Reproduce the lines below exactly, from the one containing "[북] 김정은 총비서" through the one containing "而对比同业公司盈峰环境、龙马", both included. Leave out any pictures.

^^^^^^^^^^^^^^^^

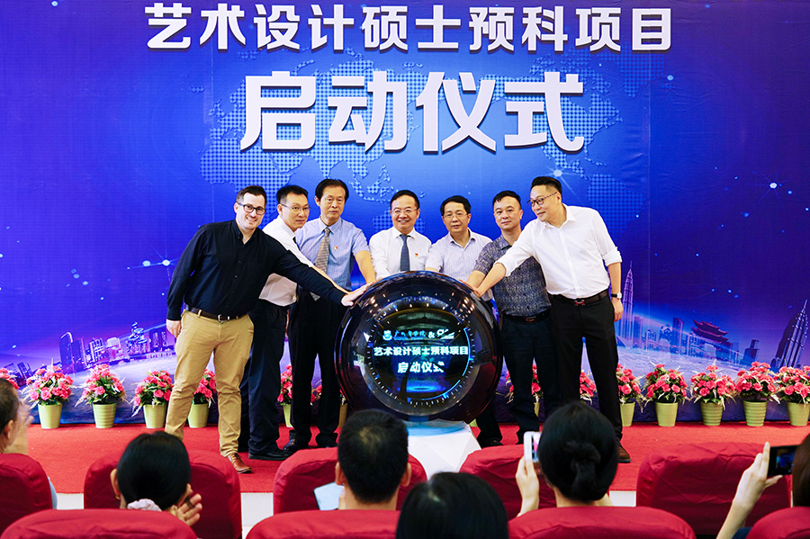 5月11日上午10:30,公司艺术设计硕士预科项目启动仪式在图书馆报告厅隆重举行。公司董事长黄弢,党委书记吕泉荣,常务副董事长贾超,广州市越秀区文联主席莫振山,广州市中小学美术专委会副理事长陈泽勉,CIAD广州执行董事罗小军,深圳当代跨媒体艺术有限公司(CIAD)CEO伦宇翔,英国皇家艺术公司研究生预备课程负责人Jim,项目各方代表,公司相关职能部门领导和伟德国际1946亚洲版及艺术设计公司师生代表出席了本次活动。启动仪式由公司国际交流与合作处处长郭航主持。
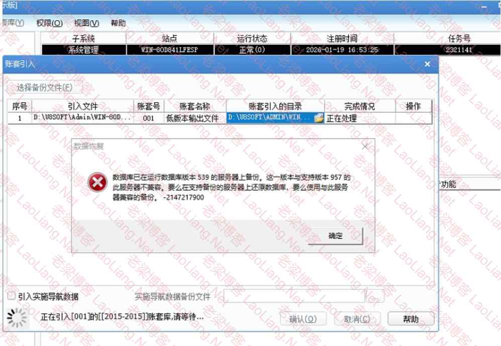 今天下午有客户找到我咨询一个问题,说在引入账套的时候提示“数据库已在运行数据库版本539的服务器上备份,这一版本与支持版本 957 的此服务器不兼容。要么在支持备份的服务器上还原数据库,要么使用与此服务器兼容的备份。-2147217900”如下图所示
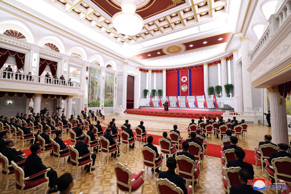 [북] 김정은 총비서 국경절에 즈음하여 당과 정부의 지도간부들을 만나 국가사업방향에 관한 중요연설을 하시다
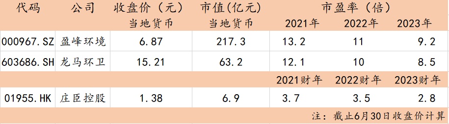 而对比同业公司盈峰环境、龙马环卫而言,结合宝新金融测算的数据计算,盈峰环境2021年至2023年,该公司的市盈率分别为13.2倍、11倍、9.2倍,龙马环卫的市盈率则分别为12.1倍、10倍、8.5倍。对照之下,不难看出目前庄臣控股相对于同业公司而言,估值处于明显低估状态。
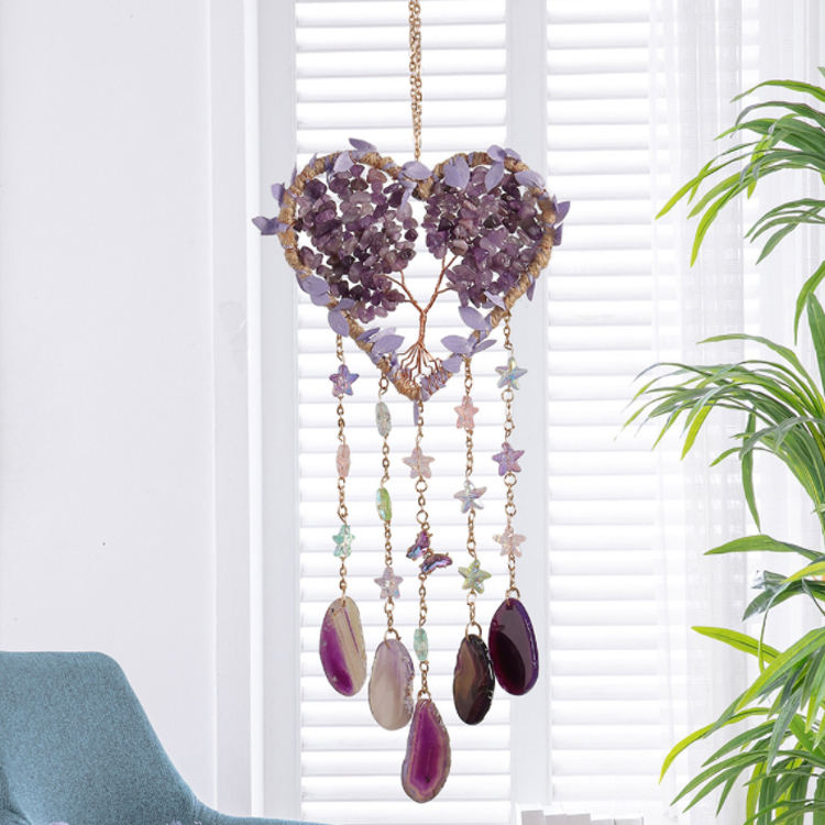 Pendentif en cristal d'agate d'arbre de vie fait à la main modèle de pierre de bricolage pour cadeau d'affaires ou personnel pour la Saint-Valentin

^^^^^^^^^^^^^^^^

SOLUTION TO THE EXERCISE -
 [북] 김정은 총비서 국경절에 즈음하여 당과 정부의 지도간부들을 만나 국가사업방향에 관한 중요연설을 하시다
 而对比同业公司盈峰环境、龙马环卫而言,结合宝新金融测算的数据计算,盈峰环境2021年至2023年,该公司的市盈率分别为13.2倍、11倍、9.2倍,龙马环卫的市盈率则分别为12.1倍、10倍、8.5倍。对照之下,不难看出目前庄臣控股相对于同业公司而言,估值处于明显低估状态。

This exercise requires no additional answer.